─── DATA SUPPLIED ───
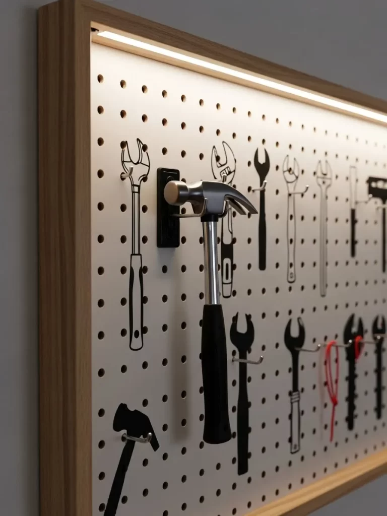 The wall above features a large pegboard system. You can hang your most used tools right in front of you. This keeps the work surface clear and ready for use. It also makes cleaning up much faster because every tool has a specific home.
───
─── DATA SUPPLIED ───
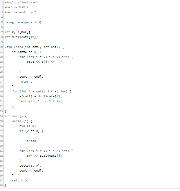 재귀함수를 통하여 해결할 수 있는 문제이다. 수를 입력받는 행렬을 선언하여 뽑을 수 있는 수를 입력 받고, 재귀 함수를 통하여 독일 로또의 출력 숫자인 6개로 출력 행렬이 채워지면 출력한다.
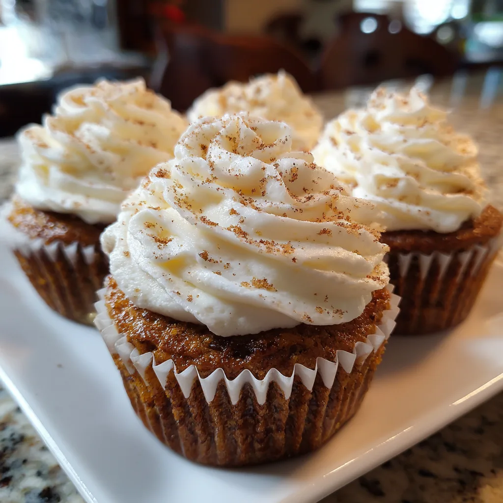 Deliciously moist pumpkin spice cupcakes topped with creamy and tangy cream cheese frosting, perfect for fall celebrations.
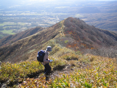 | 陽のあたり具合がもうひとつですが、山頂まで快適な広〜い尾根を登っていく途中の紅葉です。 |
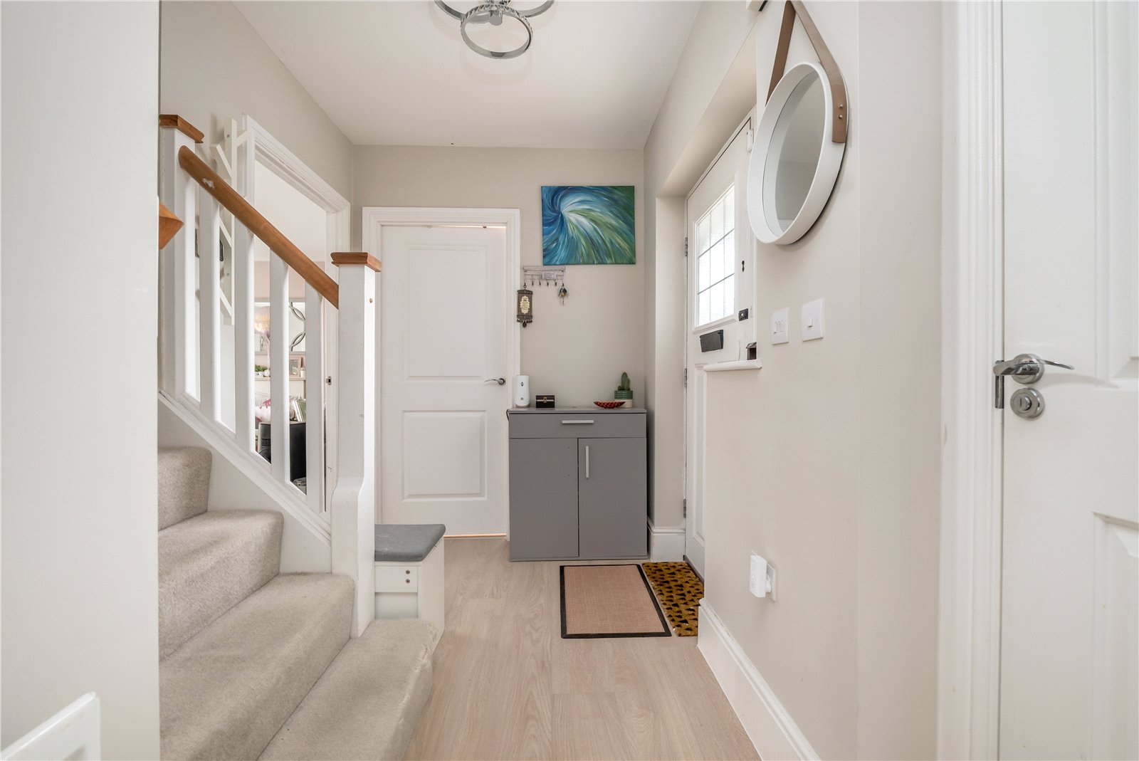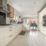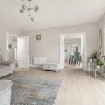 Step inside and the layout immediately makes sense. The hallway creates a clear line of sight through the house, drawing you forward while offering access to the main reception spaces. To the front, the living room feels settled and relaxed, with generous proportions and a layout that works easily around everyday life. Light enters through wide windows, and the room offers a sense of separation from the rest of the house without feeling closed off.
───
** WHAT IS NEEDED **
In the entries above, every line from the line with "Deliciously moist pumpkin" to the line with "Step inside and" is to be printed exactly, with both ends included and pictures excluded.

** WRITTEN ANSWER **
 Deliciously moist pumpkin spice cupcakes topped with creamy and tangy cream cheese frosting, perfect for fall celebrations.
 | 陽のあたり具合がもうひとつですが、山頂まで快適な広〜い尾根を登っていく途中の紅葉です。 |
 Step inside and the layout immediately makes sense. The hallway creates a clear line of sight through the house, drawing you forward while offering access to the main reception spaces. To the front, the living room feels settled and relaxed, with generous proportions and a layout that works easily around everyday life. Light enters through wide windows, and the room offers a sense of separation from the rest of the house without feeling closed off.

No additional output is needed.